Results shown as n (%) for categorical and mean (SD) or median (IQR) for continuous variables

AKI acute kidney injury, CysC cystatin C, ECMO extracorporeal membrane oxygenation, eGFR estimated glomerular filtration rate, IABP intra-aortic balloon pump, ICU intensive care unit, IQR interquartile range, LVAD left ventricular assist device, NGAL neutrophil gelatinase-associated lipocalin, PENK proenkephalin, RRT renal replacement therapy, SD standard deviation

aAKI staging on admission based on urine output and biomarkers, as data on creatinine prior to baseline were unavailable

bKDIGO definition of increase in serum creatinine to 1.5 times baseline or more

Fig. 3.

Fig. 3

Kaplan–Meier curves for occurrence of acute kidney injury by P-PENK and P-NGAL levels at baseline. a Lines separated by P-PENK > 84.8 pmol/mL at baseline. b Lines separated by P-NGAL > 104 ng/mL at baseline

Association of baseline levels of P-PENK and P-NGAL with 90-day mortality

The relationships between AKI, 90-day mortality and high P-PENK0h and/or P-NGAL0h are depicted as a Venn diagram in Fig. 4. 90-day mortality differed significantly between AKI stages at admission (7% for stage 0, 19% for stage 1S, 5% for stage 1A and 68% for stage 1B, p < 0.001). Both P-PENK0h > 84.8 pmol/mL and P-NGAL0h > 104 ng/mL were associated with higher 90-day mortality (Table 3). Figure 5 shows the survival curves for patients with and without AKIcrea48h separated by baseline P-PENK (panel A) and baseline P-NGAL (panel B) higher (subclinical AKI) or lower than the optimal cut-off for AKI prediction (84.8 pmol/mL for P-PENK0h and 104 ng/mL for P-NGAL0h). Using the cut-offs predictive of AKI, P-NGAL0h > 104 ng/mL was able to further stratify patients with and without AKIcrea48h further into high or low mortality risk groups (Fig. 5).

Fig. 4.

Fig. 4

Venn diagram of P-PENK, P-NGAL at baseline, acute kidney injury and 90-day mortality. PENK high = P-PENK < 84.8 pmol/mL at baseline. P-NGAL high = P-NGAL > 104 ng/mL at baseline. For illustrative purposes. Areas not proportional, unable to show all overlaps

Fig. 5.

Fig. 5

Kaplan–Meier survival curves for patients with and without AKI separated by P-PENK and P-NGAL levels. a P-PENK higher or lower than 84.8 pmol/mL at baseline. b P-NGAL higher or lower than 104 ng/mL at baseline. §p = 0.07, *p < 0.05, **p < 0.001. AKI acute kidney injury

Utility of P-PENK and P-NGAL at later time points for mortality risk stratification in cardiogenic shock

Although high levels of both P-PENK and P-NGAL were associated with higher mortality at all time points examined, the AUC for mortality was highest for both biomarkers measured at 24 h (Additional file 1: Table 2). The AUCs for 90-day mortality for CardShock risk score and IABP SHOCK II risk score at 24 h were 0.778 and 0.707.
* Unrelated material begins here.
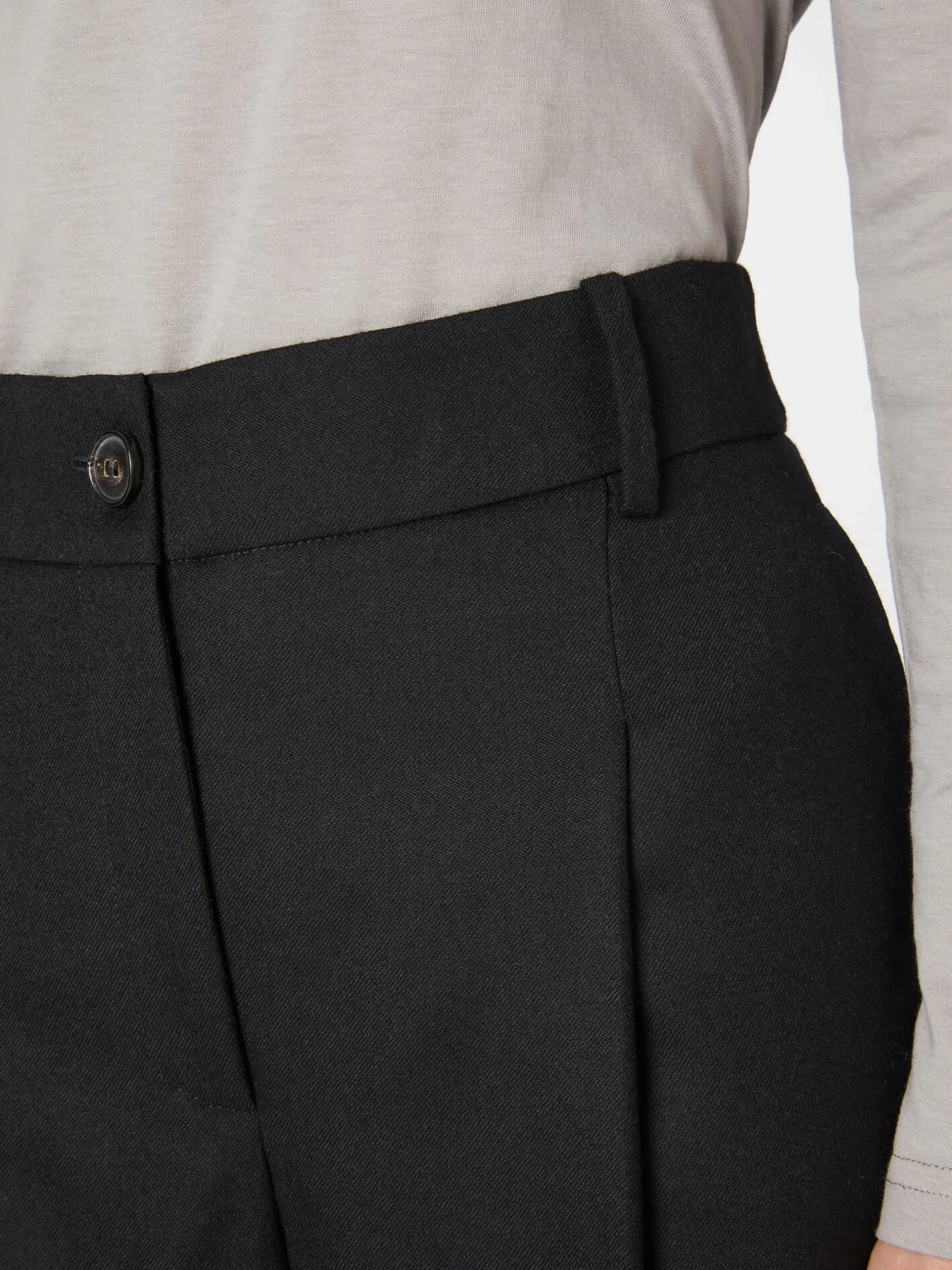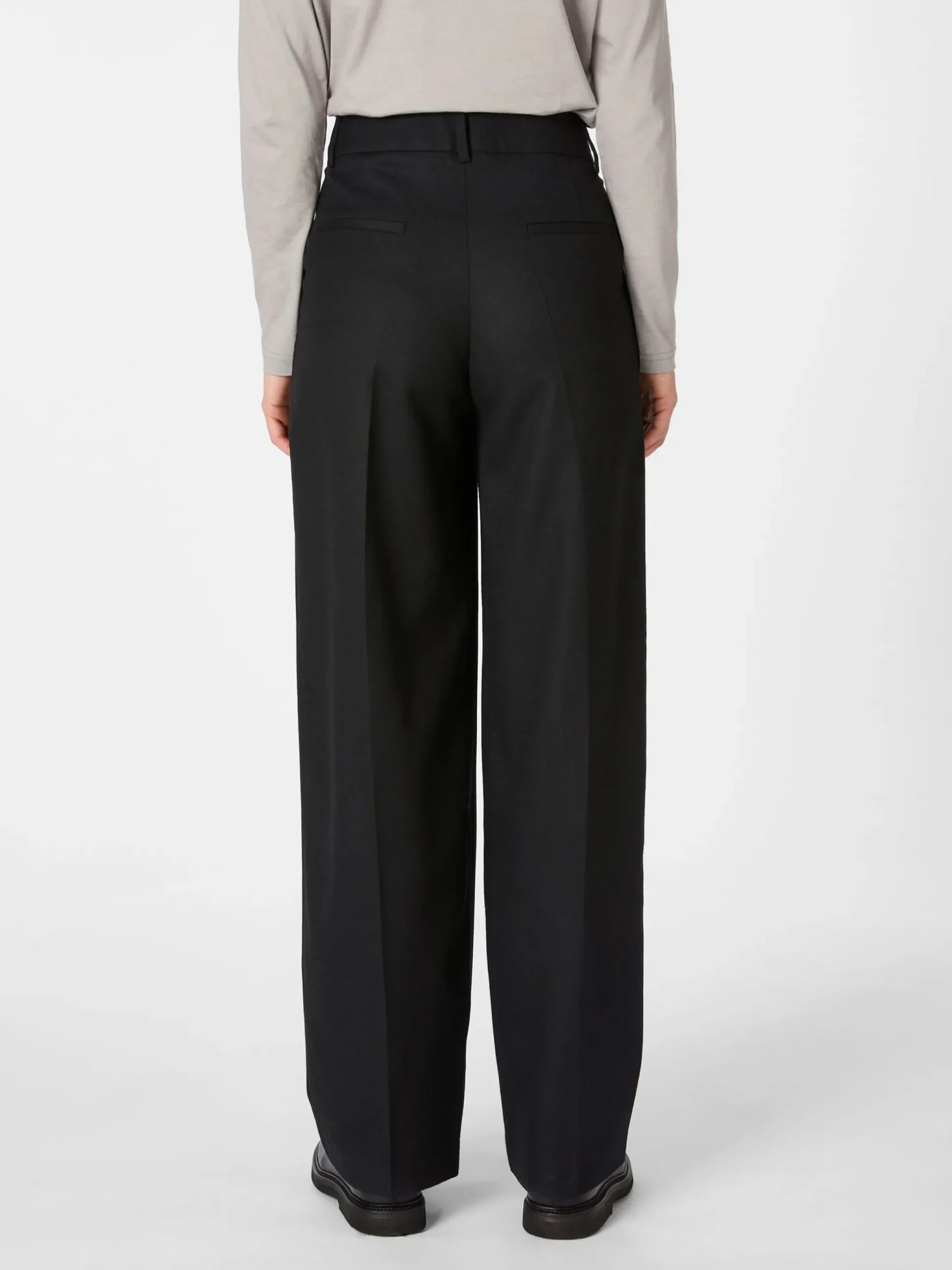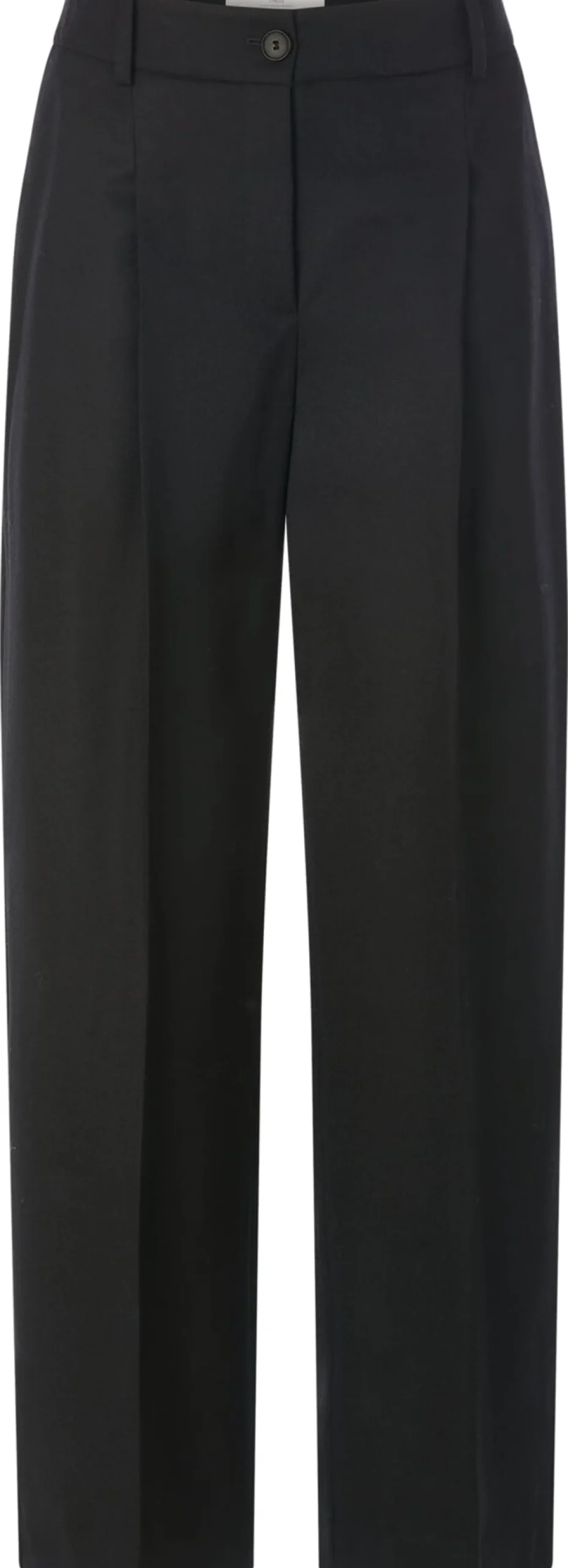 Schlicht und klassisch im Stil sorgt diese Wollhose für einen eleganten Auftritt. Auch in puncto Materialwahl weiß sie zu überzeugen. Lanius fertigt sie aus reiner Schurwolle aus kontrolliert biologischer Tierhaltung. Das wärmende Gewebe hat einen schmiegsamen Griff und zeigt einen feinen Köpergrat. Dank des komfortablen Schnitts mit weitem, geradem Bein, je einer Bundfalte auf jeder Seite und Bügelfalten vorn und hinten formt die Hose eine schmeichelhafte Silhouette. Geschlossen wird sie mit Reißverschluss und einem markanten Hornknopf. Die seitlichen Taschen bieten nicht nur Platz für Kleinigkeiten, sondern fügen sich harmonisch in das Gesamtbild ein. Blinde Gesäßtaschen runden das Design ab.

The optimal cut-off for mortality was 105.7 pmol/mL for P-PENK24h, and 151 ng/mL for P-NGAL24h. Survival curves using these cut-offs showed that for patients with P-PENK24h > 105.7 pmol/mL 90-day mortality was 68.2% compared with 17.4% for patients with P-PENK24h < 105.7 pmol/mL. Similarly, 90-day mortality for patients with P-NGAL24h > 151 ng/mL was 63.5% compared with 17.7% for patients with P-NGAL24h < 151 ng/mL (p < 0.001 for all, Additional file 1: Fig. 2).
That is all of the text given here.